The debut performance on the twenty-first was an impressive one, Lez Brotherston's production design having opted for an explicitly cinematic effect. The principals on this night (drawn from the first names listed) danced well and expressively, ably performing not only the technical demands of the dance but also doing so utterly in character. All too often it is easy to forget that dance is an art form that makes multiple simultaneous demands at the physical and mental levels; nowhere is this more obviously so than in a performance such as this. Jolicoeur-Nye and Wagner were excellent as the monster's primary targets, and Hunt's Lucy falls exquisitely before our eyes from victim to beast. But without doubt, it is Krutzkamp's Dracula who steals the show, sweeping onto the stage in such a commanding presence that every eye is immediately drawn to him. His seduction--for, let us be honest, seduction is exactly what it is--of the Harkers is swift and sure. He dances a line between sensual and feral, the perfect alpha predator.

The ballet's elaborate score is performed ably by the KC Symphony, making use of unusual instruments and other devices to bring Feeney's challenging score to life. The scenery and costumes, on loan from the Atlanta Ballet, assist ably in setting the mood, the sets being particularly versatile in moving from one scene to the next. David Grill's lighting design is generally excellent, as is Nadia Thompson's staging.

About the only quibble this reviewer could find was with the opening of the second act, at which Lucy and her suitors are introduced during a tea dance. This scene is not bad in itself, and does give the opportunity to show off some talented work by the members of the corps, but does frankly run a bit long. The scene establishes that it is a lovely day with innocents enjoying the weather and each other's company and so on, and then goes on establishing it over the next several minutes, so that this reviewer found herself realizing with something of a start that she had almost completely forgotten about Dracula. It does pick up very quickly afterwards, but it did seem to rather bring the story to a halt, at least for a little while.

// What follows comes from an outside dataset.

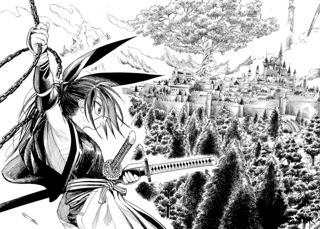 Isekai Samurai a de nombreuses qualités et l’une des plus évidentes est bel et bien son dessin. Fougueux, délicatement hachuré et fleurant bon les années 1990-2000 (le chara-design de Ginko rappellera immanquablement Kenshin le vagabond), le trait de Keigo Saito se révèle très technique et empli d’une beauté poétique bien rare dans un genre gavé de modèles graphiques tous similaires. S’ajoute à cela que ce dessin est au service d’un univers tout aussi dense, offrant un lore intriguant, qui n’attend que de se dévoiler. Trois tomes suffisent à saisir la densité du monde fantasy qui nous est proposé, ses enjeux ainsi que ses règles. Voir Ginko se frotter constamment à des barrières sociales et culturelles qu’elle n’a jamais côtoyées rend le tout très savoureux. L’humour, plutôt barré par moments, sait se jouer avec brio de certains codes du genre, tout en ménageant une tension mélancolique, due à la personnalité complexe de Ginko, qui désire vivre selon la voie du sabre envers et contre tout.

This, however, is a minor issue, and overall the ballet was an excellent performance. They have put together a marvelous production here, and this reviewer would not be sorry to see it become a semi-regular feature of the ballet season--perhaps not quite as regular as the inevitable Nutcracker, but every few seasons or so. This is an incredibly complex work, but it is also just about as fun as ballet gets, and is a fitting addition to what has been thus far a most enjoyable season.